How Cloudflare Uses It Internally
Cloudflare runs Agent Memory for its own workflows. For code review, arguably the most useful thing it learned to do was stay quiet. The reviewer now remembers that a particular comment wasn't relevant in a past review, that a specific pattern was flagged, and the author chose to keep it for a good reason. Reviews get less noisy over time, not just smarter.
They also use it for an internal chat bot that ingests message history and lurks and remembers new messages that are sent, so when someone asks a question, the bot can answer based on previous conversations.
Your Data Stays Yours
Worth noting explicitly, because it matters. As agents become more capable and more deeply embedded in business processes, the memory they accumulate becomes genuinely valuable — not just as operational state, but as institutional knowledge that took real work to build.

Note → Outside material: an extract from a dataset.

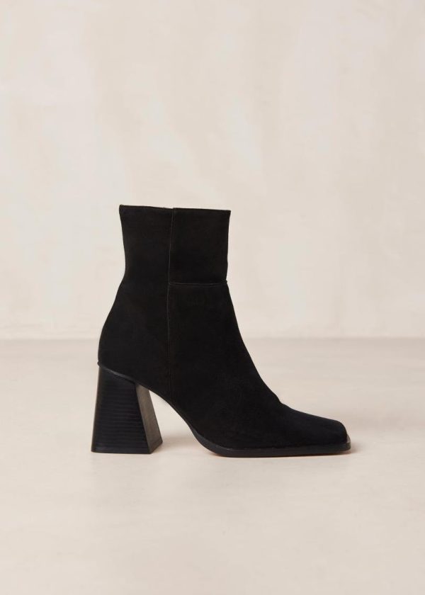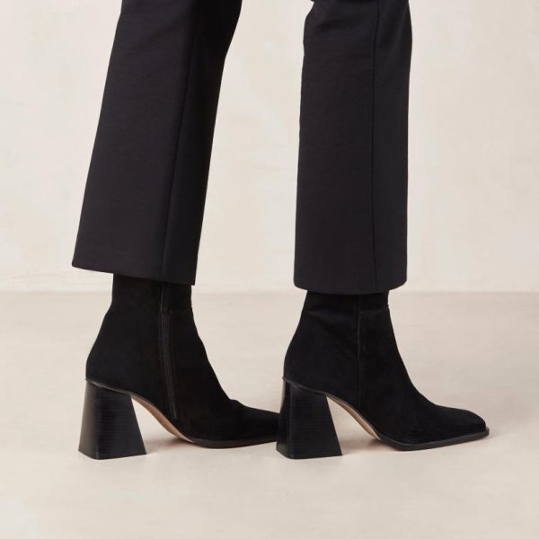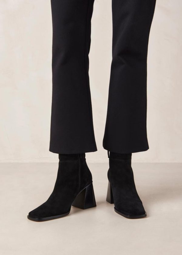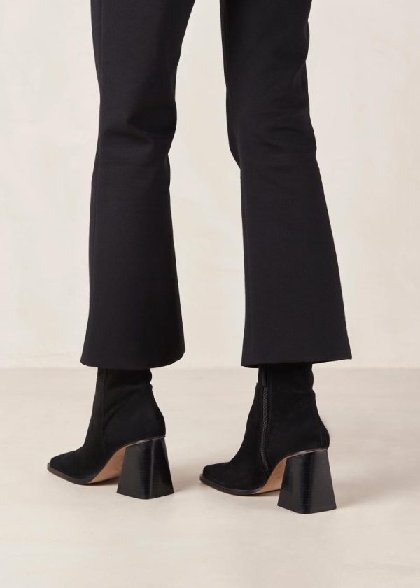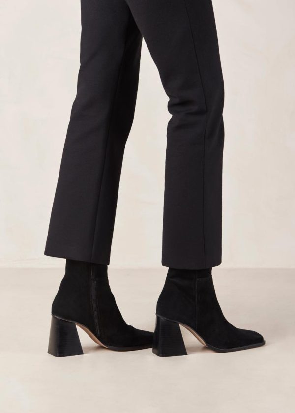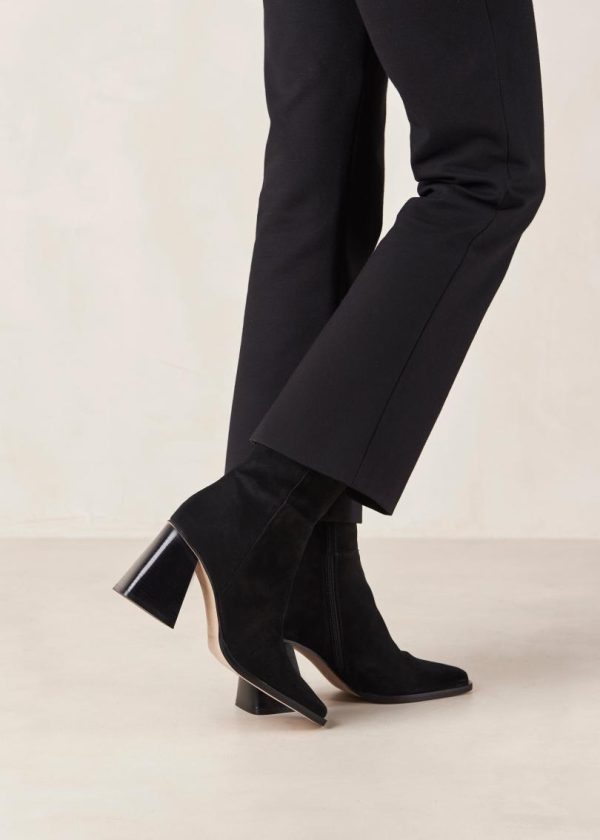 Black suede ankle boots with block heel
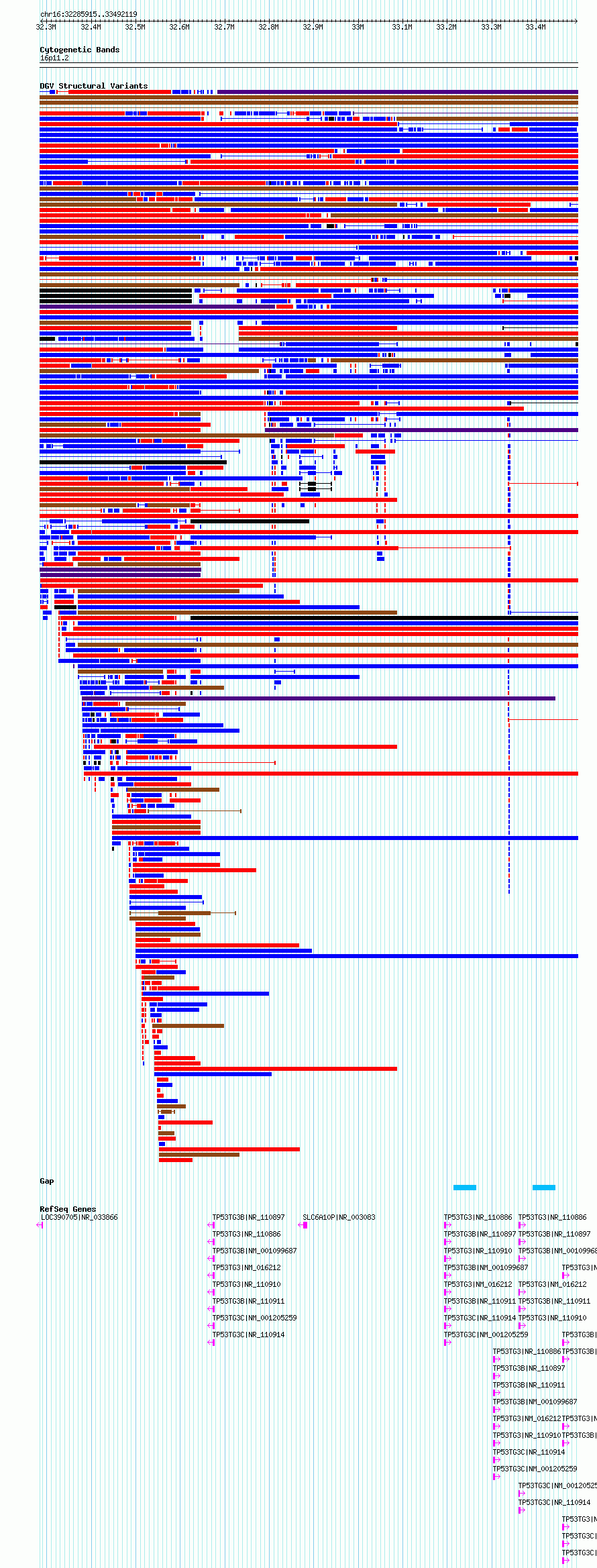 Variant DetailsVariant: essv6721172| Internal ID | 10130473 | | Landmark | | | Location Information | | | Cytoband | 16p11.2 | | Allele length | | Assembly | Allele length | | hg38 | 1206205 | | hg19 | 997351 |

Cloudflare's position is straightforward: every memory is exportable, and they're committed to making sure the knowledge your agents accumulate on Cloudflare can leave with you if your needs change. The right way to earn long-term trust is to make leaving easy and to keep building something good enough that you don't want to.
Agent Memory vs. AI Search: Not the Same Thing
It's worth drawing a clear line here. While search is a component of memory, agent search and agent memory solve distinct problems. AI Search is the primitive for finding results across unstructured and structured files; Agent Memory is for context recall. The data in Agent Memory doesn't exist as files — it's derived from sessions. An agent can use both, and they're designed to work together.